DATA -
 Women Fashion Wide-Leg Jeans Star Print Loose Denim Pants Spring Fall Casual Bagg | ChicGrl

* * *

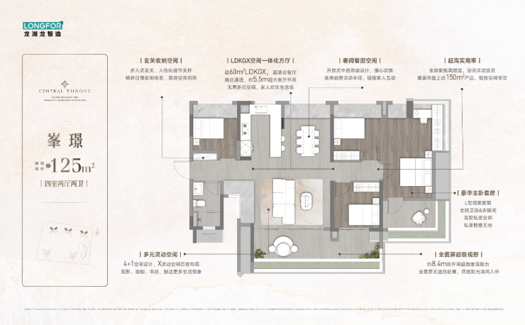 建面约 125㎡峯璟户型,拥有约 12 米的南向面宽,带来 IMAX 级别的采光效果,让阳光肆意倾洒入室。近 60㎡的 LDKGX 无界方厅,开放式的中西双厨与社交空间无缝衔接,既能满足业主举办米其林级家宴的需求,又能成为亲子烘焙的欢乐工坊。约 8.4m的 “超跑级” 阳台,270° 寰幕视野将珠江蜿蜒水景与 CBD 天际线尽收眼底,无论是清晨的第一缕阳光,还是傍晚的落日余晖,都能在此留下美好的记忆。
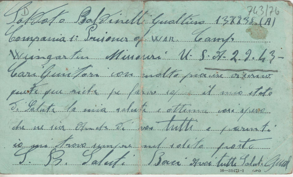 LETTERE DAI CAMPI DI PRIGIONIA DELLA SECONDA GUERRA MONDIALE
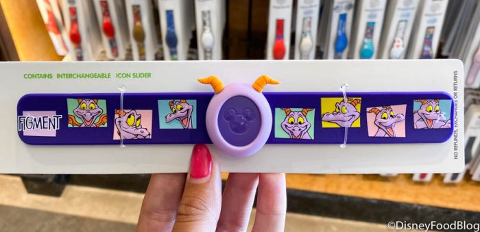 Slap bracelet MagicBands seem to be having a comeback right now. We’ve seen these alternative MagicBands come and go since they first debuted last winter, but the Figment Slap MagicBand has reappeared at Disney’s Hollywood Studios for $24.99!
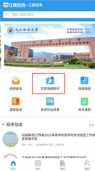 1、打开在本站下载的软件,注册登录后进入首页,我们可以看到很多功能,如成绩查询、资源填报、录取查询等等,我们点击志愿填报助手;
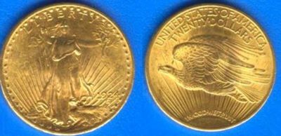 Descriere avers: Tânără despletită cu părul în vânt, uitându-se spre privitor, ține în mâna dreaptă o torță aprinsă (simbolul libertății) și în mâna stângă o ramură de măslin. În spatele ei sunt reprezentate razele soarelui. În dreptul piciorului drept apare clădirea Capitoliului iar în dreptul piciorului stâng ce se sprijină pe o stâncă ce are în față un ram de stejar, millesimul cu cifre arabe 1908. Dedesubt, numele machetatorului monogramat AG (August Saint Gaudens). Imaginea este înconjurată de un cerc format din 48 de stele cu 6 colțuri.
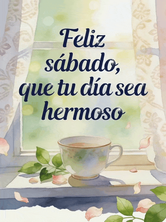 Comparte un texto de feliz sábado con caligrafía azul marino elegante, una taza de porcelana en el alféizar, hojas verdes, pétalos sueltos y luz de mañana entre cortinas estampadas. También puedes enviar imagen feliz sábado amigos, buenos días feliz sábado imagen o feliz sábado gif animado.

---

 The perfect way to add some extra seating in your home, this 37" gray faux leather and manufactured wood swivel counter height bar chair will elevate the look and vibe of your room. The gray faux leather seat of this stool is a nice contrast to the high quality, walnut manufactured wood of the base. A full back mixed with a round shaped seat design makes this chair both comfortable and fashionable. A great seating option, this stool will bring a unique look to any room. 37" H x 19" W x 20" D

THE TASK -
Print, exactly and with no pictures, the lines of the listing above starting at the one that has "LETTERE DAI CAMPI" and ending at the one that has "Descriere avers: Tânără", both included.

REPLY TO THE EXERCISE -
 LETTERE DAI CAMPI DI PRIGIONIA DELLA SECONDA GUERRA MONDIALE
 Slap bracelet MagicBands seem to be having a comeback right now. We’ve seen these alternative MagicBands come and go since they first debuted last winter, but the Figment Slap MagicBand has reappeared at Disney’s Hollywood Studios for $24.99!
 1、打开在本站下载的软件,注册登录后进入首页,我们可以看到很多功能,如成绩查询、资源填报、录取查询等等,我们点击志愿填报助手;
 Descriere avers: Tânără despletită cu părul în vânt, uitându-se spre privitor, ține în mâna dreaptă o torță aprinsă (simbolul libertății) și în mâna stângă o ramură de măslin. În spatele ei sunt reprezentate razele soarelui. În dreptul piciorului drept apare clădirea Capitoliului iar în dreptul piciorului stâng ce se sprijină pe o stâncă ce are în față un ram de stejar, millesimul cu cifre arabe 1908. Dedesubt, numele machetatorului monogramat AG (August Saint Gaudens). Imaginea este înconjurată de un cerc format din 48 de stele cu 6 colțuri.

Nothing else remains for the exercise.